Selbstverständlich handelt es sich hier um Kerbwirkung. Bei einer scharfen Kante würde die Spannung gegen Unendlich divergieren. Mit einer Abrundung konvergiert die Spannung gegen einen endlichen Wert, der mit zunehmendem Radius abnimmt.

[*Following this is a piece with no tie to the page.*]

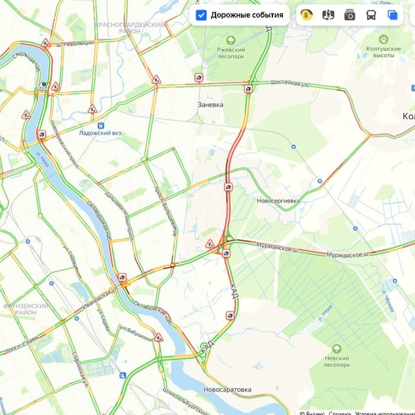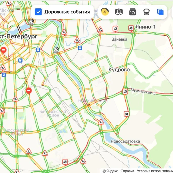 После 11 часов пробки на КАД стали рассасываться, и общая загруженность дорог Петербурга снизилась с 5 до обычных для этого времени 4 баллов по шкале «Яндекса».

Es gibt über das Thema übrigens ein sehr schöne Dissertation "Kerbspannung und Kerbformoptimierung" von Marcus Scherrer, die hier

https://publikationen.bibliothek.kit.edu/1000000200

heruntergeladen werden kann und auch noch mit einer kurzen Einführung in die Elastizitätstheorie und die FEM eingeleitet wird - kann ich nur empfehlen.

 

 

@Anonymous  schrieb:

... Irgendwie schaut das nicht so aus, als ob es gegen einen Wert konvergiert. ...

 

Bei einer Konvergenzbetrachtung nach der h-Methode darf man nicht einfach nur die Maximalspannung auswerten, besonders, wenn diese bei einer Netzverfeinerung deutlich den Ort wechselt. Ma muss vor allem beachten, dass der Maximalwert auch durch Ausreißer entstehen kann, die der Vernetzung geschuldet sind.

 

Ich habe mal einen Schnitt durch den Radius des Originalmodells an der Stelle gelegt, wo bei einer Netzelementgröße von 0,01 mm die maximale Spannung angezeigt wird und die Farbskala etwas angepasst, damit die Schwankungen deutlicher sichtbar werden.

 

191219-vonMises0_01mm.png

 

Theoretisch müsste aufgrund der Rotationssymmetrie längs der Schnittkante sich ein einheitlicher Spannungswert ergeben. Wegen der unregelmäßiegen Vernetzung gibt es hier aber deutlich unterschiedliche Werte. Wenn nur einzelne, begrenzte Stellen diese Werte ausweisen, sind sie nicht aussgakräftig. Statt dessen sollte man einen Mittelwert bilden. Zudem ist ja in der Bewertung auch immer ein Sicherheitsfaktor vorzusehen.